A report says an energy crisis triggered by the war in Iran has shifted the narrative around China’s data centre market toward its strengths as power becomes more central to AI infrastructure. [1]

The report says electricity has become even more critical to data centres globally because energy is the foundation of AI infrastructure. Earlier this year, Nvidia CEO Jensen Huang said AI was a "five-layer cake" and that "energy is the first principle of AI infrastructure and the binding constraint on how much intelligence the system can produce." [1]

China’s relative resilience to the shock has drawn fresh attention to its abundant and cheap electricity, the report says. It cites Nomura as saying China’s power sector "is almost self-sufficient on primary sources: it uses almost no natural gas and oil and relies heavily on coal, which is mainly mined in China." The report adds that the sector has made rapid progress in incorporating renewable energy and remains heavily regulated. [1]

The article frames the issue as part of the broader US-China battle for technological supremacy and the buildout of data centres.

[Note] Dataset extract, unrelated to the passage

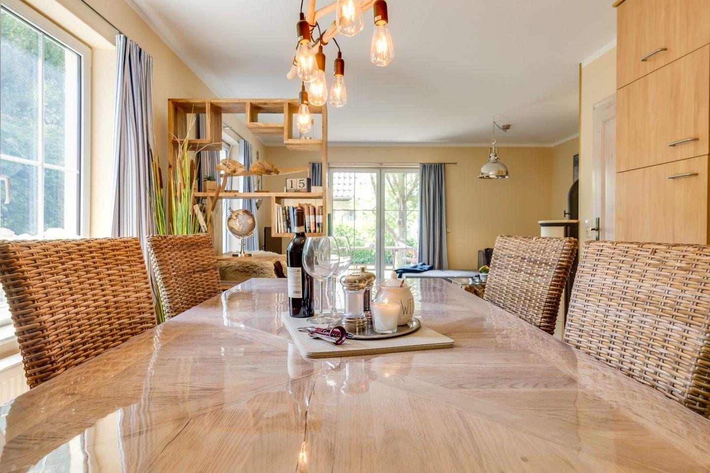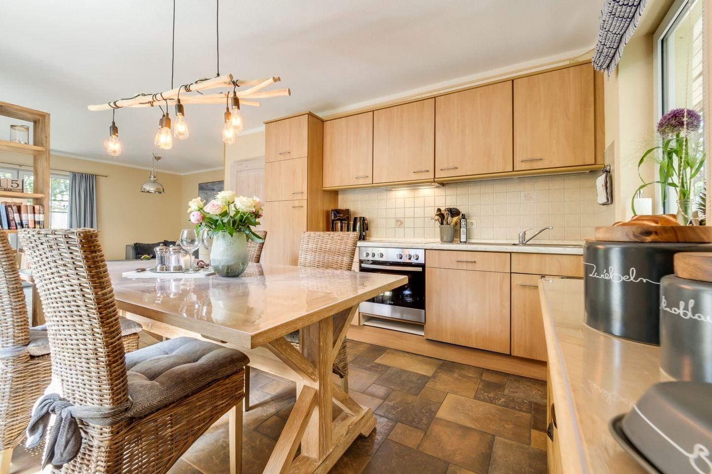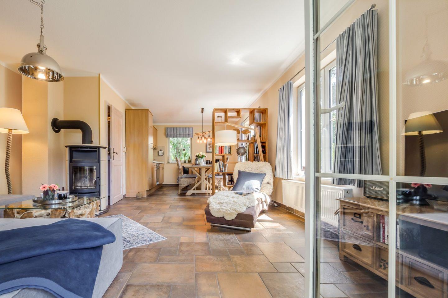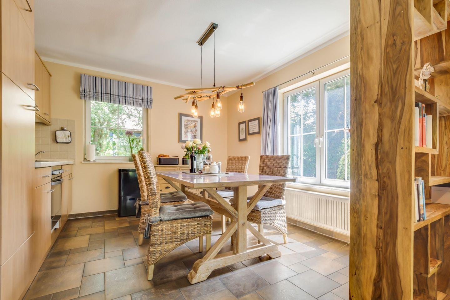 Sehr ruhiges und strandnahes Ferienhaus mit 120 qm Wohnfläche. Das Haus wird für max. 4 Personen vermietet. Im Erdgeschoss sind der Wohnraum mit Essecke und integrierte Küche, ein Schlafzimmer mit Ehebett und ein Bad mit Dusche und WC. Auf der oberen Etage ist ein weiteres Wohnzimmer, ein zweites Schlafzimmer mit Ehebett und ebenfalls ein Bad mit Dusche und WC. Das Haus liegt in einem großen Garten mit Südterrasse. Ein Carport steht Ihnen ebenfalls zur Verfügung. Kaminofen, Strandkorb, Waschmaschine und Fliegengitter sind weitere Annehmlichkeiten des Objektes.

It says a "DeepSeek moment" in January last year changed perceptions of China’s AI ambitions, while Morgan Stanley said in July that access to advanced chips was the "biggest risk" to China’s data centre and AI growth engine. [1]

The report also points to the scale of the market. It says global AI-related capital spending could reach US$1.2 trillion over the next five years, and China is forecast to account for 27% of global AI investment by 2030. [1]

Nomura published the report cited by the article on April 2, and the piece says the power advantage has pulled China’s data centre market back into the spotlight as AI demand rises. [1]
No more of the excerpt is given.